### DESCRIPTION OF THE TASK
Find the line with "由上图可见,历年的牛年股市,美股都有非常" in the entries below, then output every line from it down to the line with "22日下午3点左右,天水中队", exactly and with no pictures.

### RAW DATA

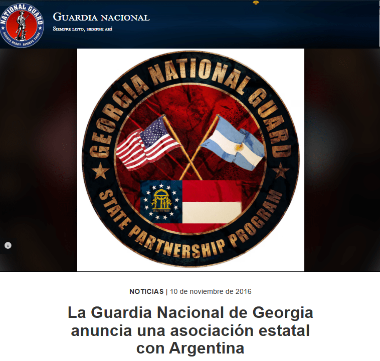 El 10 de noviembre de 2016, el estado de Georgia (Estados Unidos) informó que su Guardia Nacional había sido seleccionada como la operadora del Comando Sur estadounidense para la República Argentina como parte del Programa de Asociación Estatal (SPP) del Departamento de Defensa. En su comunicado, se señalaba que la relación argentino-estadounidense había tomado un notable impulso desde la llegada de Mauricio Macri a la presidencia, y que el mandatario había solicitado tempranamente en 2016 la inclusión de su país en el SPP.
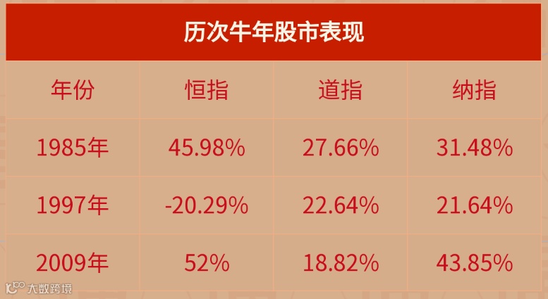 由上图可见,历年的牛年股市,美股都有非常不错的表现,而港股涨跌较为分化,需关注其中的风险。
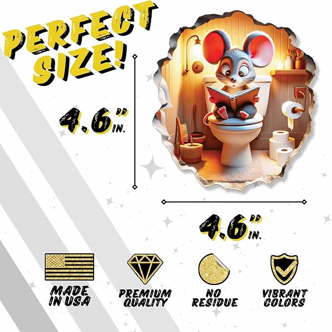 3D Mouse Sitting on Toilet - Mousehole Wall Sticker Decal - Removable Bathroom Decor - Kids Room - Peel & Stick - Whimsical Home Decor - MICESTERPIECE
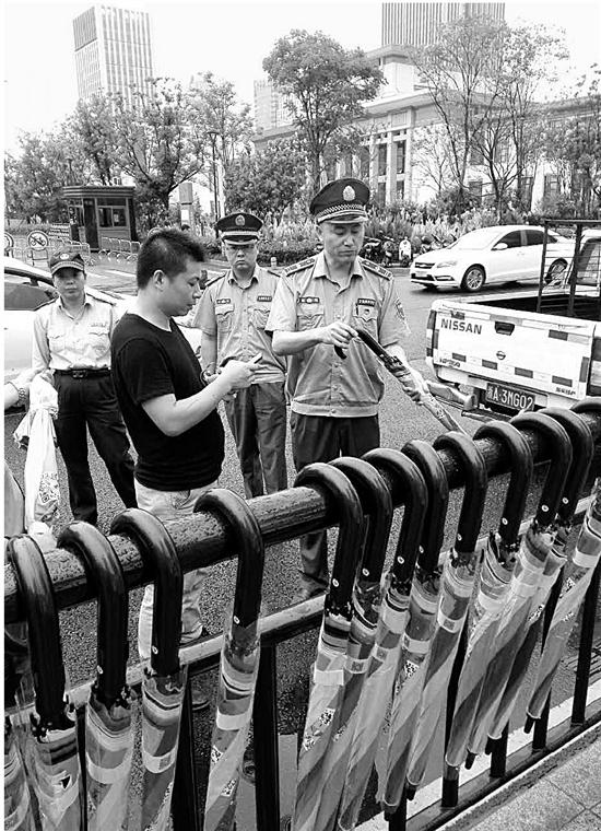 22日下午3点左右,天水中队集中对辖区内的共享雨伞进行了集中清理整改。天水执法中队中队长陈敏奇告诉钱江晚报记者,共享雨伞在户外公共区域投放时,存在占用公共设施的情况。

--

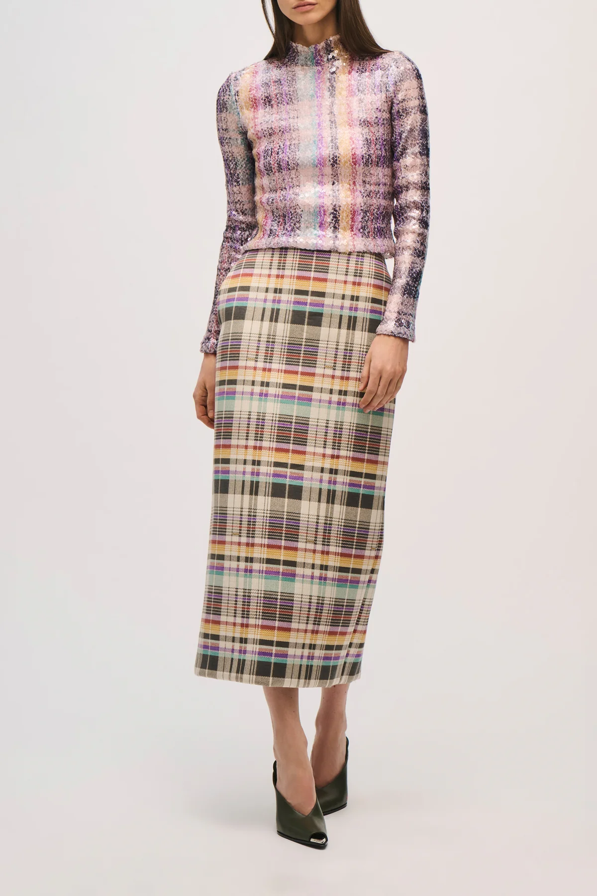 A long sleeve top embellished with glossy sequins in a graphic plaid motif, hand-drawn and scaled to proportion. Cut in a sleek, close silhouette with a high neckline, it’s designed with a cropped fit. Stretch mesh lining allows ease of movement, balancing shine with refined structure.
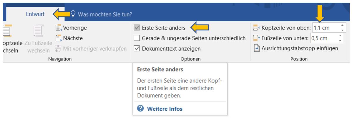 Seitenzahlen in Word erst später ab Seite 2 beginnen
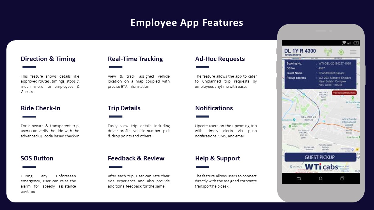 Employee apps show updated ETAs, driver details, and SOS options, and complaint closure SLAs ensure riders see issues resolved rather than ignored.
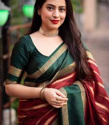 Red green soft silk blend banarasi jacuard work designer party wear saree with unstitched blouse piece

### EXERCISE ANSWER
 由上图可见,历年的牛年股市,美股都有非常不错的表现,而港股涨跌较为分化,需关注其中的风险。
 3D Mouse Sitting on Toilet - Mousehole Wall Sticker Decal - Removable Bathroom Decor - Kids Room - Peel & Stick - Whimsical Home Decor - MICESTERPIECE
 22日下午3点左右,天水中队集中对辖区内的共享雨伞进行了集中清理整改。天水执法中队中队长陈敏奇告诉钱江晚报记者,共享雨伞在户外公共区域投放时,存在占用公共设施的情况。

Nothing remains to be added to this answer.